Century after attack, victims get memorial
Saturday, 2nd November, 2013
To preserve an historic moment in local and Australian history, a memorial will be erected to the victims of the infamous Silverton Picnic Train attack.
On January 1, 1915, 1200 men, women and children boarded the Silverton Tramway Company open concentrate trucks for a short rail trip to Penrose Park for the Manchester Unity Lodge annual picnic.
In the only attack on Australia soil in World War I, two local Muslim men, flying the Turkish flag, launched their own guerrilla-style assault.
They opened fire on the train and killed four people.

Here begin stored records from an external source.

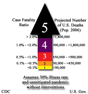 The analogy of "category" levels were introduced to provide an understandable connection to hurricane classification schemes, with specific reference to the recent aftermath of Hurricane Katrina.[5][8] Like the Saffir–Simpson Hurricane Scale, the PSI ranges from 1 to 5, with Category 1 pandemics being most mild (equivalent to seasonal flu) and level 5 being reserved for the most severe "worst-case" scenario pandemics (such as the 1918 Spanish flu).[3][5]
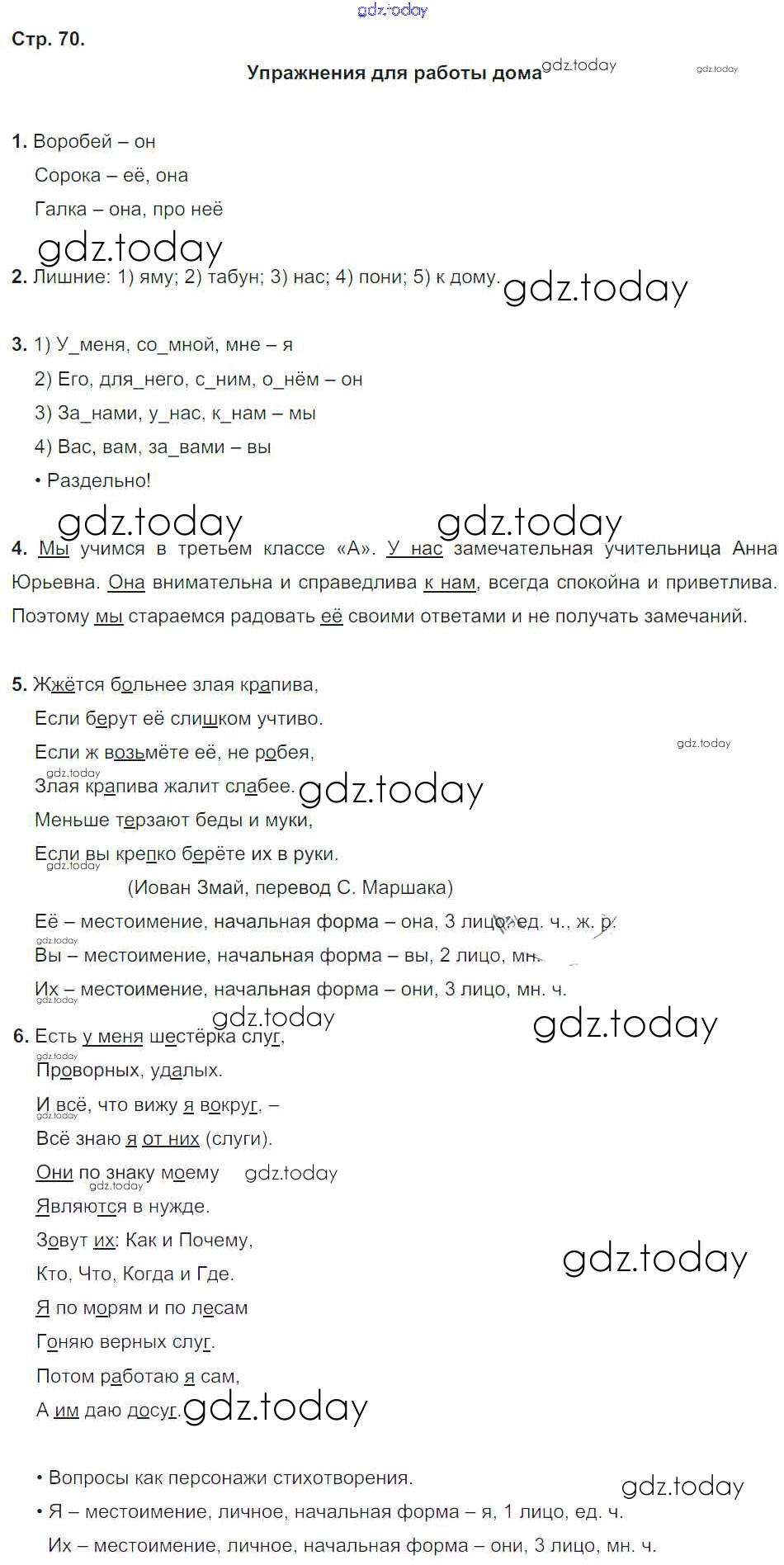 На страницах сайта gdz.today вы найдете учебный и вспомогательный материал, направленный на улучшения знаний школьной программы. ГДЗ - онлайн мир знаний Упражнения для работы дома Решение к части 2. Упражнения стр.70 Учебнику по Русскому языку для 3 класса Бунеев, Бунеева Баласс Школа 2100 2015
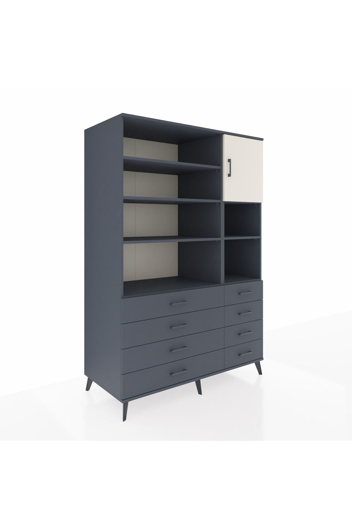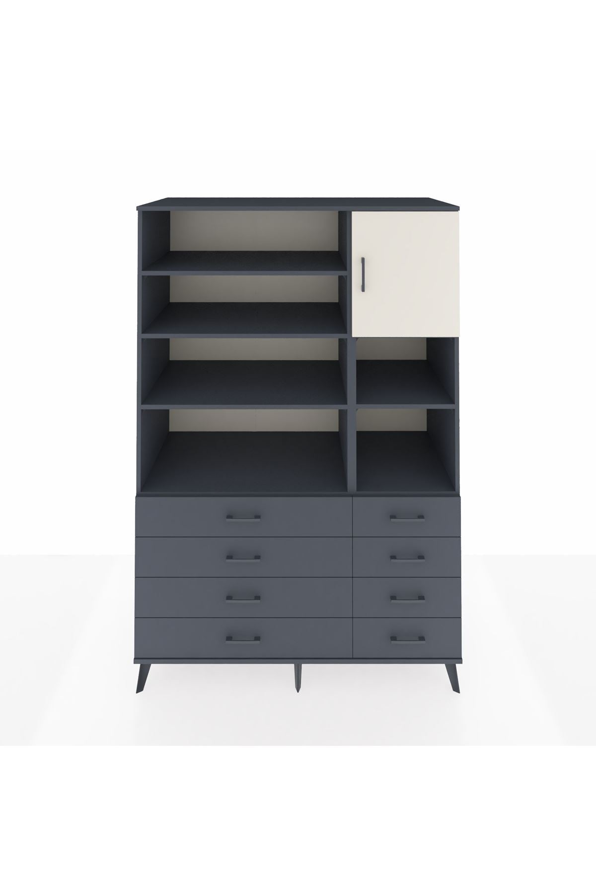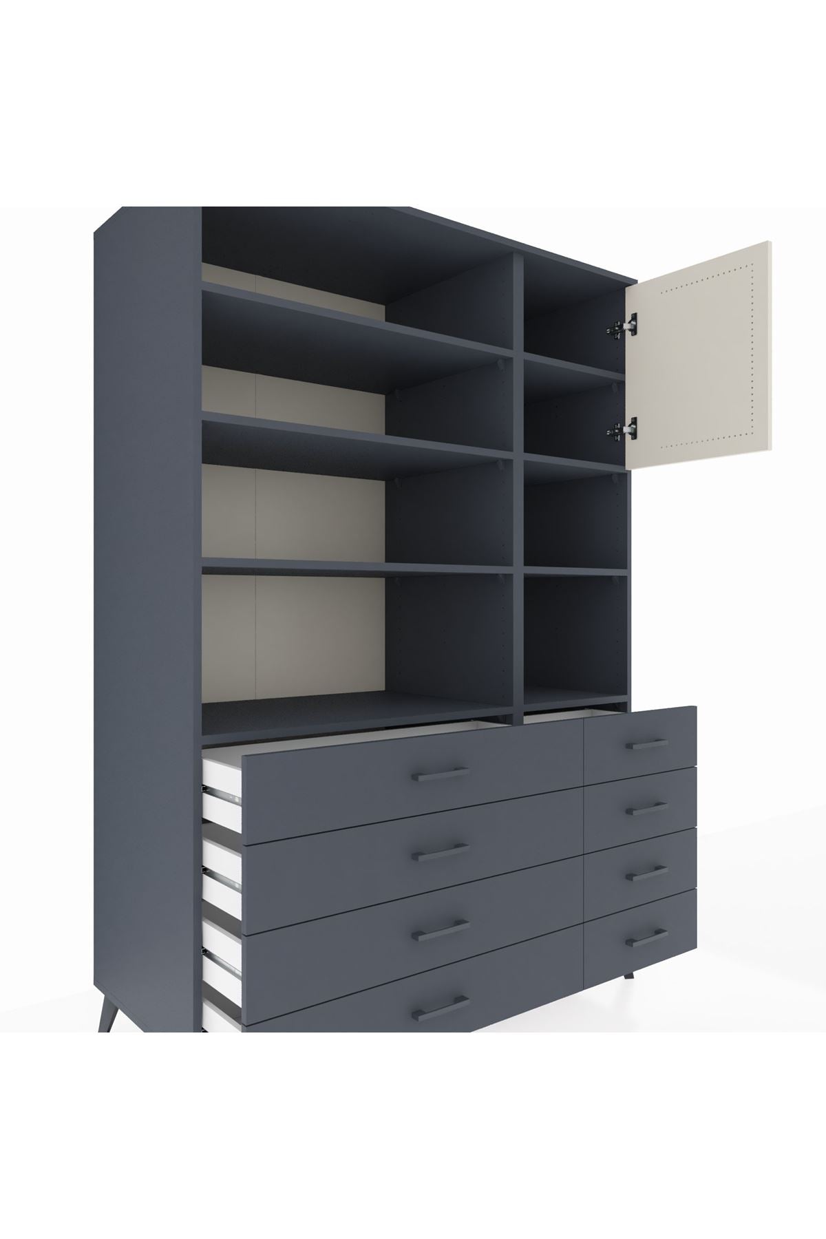 Kronos Dolap 8 Raflı 8 Çekmeceli Tek Kapaklı 132x59x195 Antrasit-Aytaşı/Antrasit
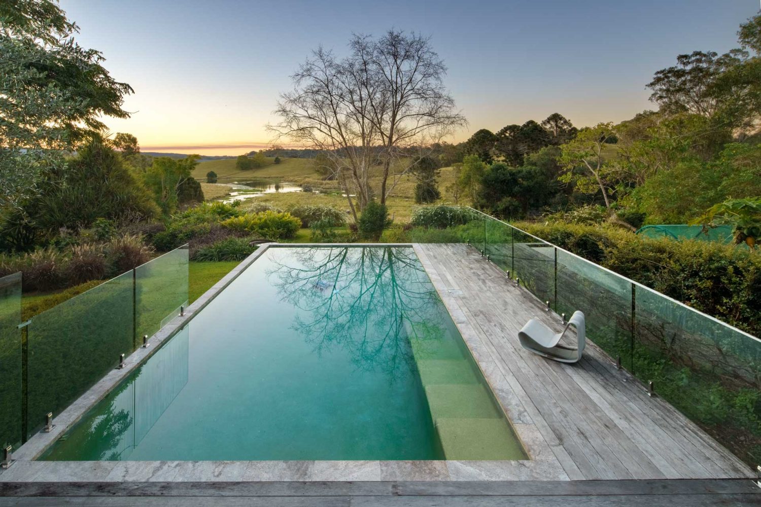 Magnesium infinity style pool 5mt x 9mt overlooking the views of a large lake with incredible bird life including black swans.

Seven more were injured.
Yesterday the Member for Murray-Darling, John Williams, presented a one-off grant of $5,000 to the Broken Hill and District Branch of the National Trust of Australia (NSW).
“The local Trust will be using the grant to mark the centenary of the event to coincide with the memorial services around Australia,” Mr Williams said.
“White Rocks on the northern outskirts of Broken Hill is the site where the Turkish patriots were hunted down and killed. This site is now historic for Broken Hill.”
Chairwoman of the local branch of the National Trust, Fran McKinnon, said it would be wonderful to start planning the project.
“We want to make a memorial for those who died and were injured on that historic day,” Ms McKinnon said.
“It was the only act of violence in Australia for World War I.”
Ms McKinnon has a significant link with the Picnic Train.
“My father was on that train. He was nine years old,” she said.
“A lot of people would have memories of the incident from their parents.”
The memorial is expected to be placed near the Railway Museum or next to the Council administration office.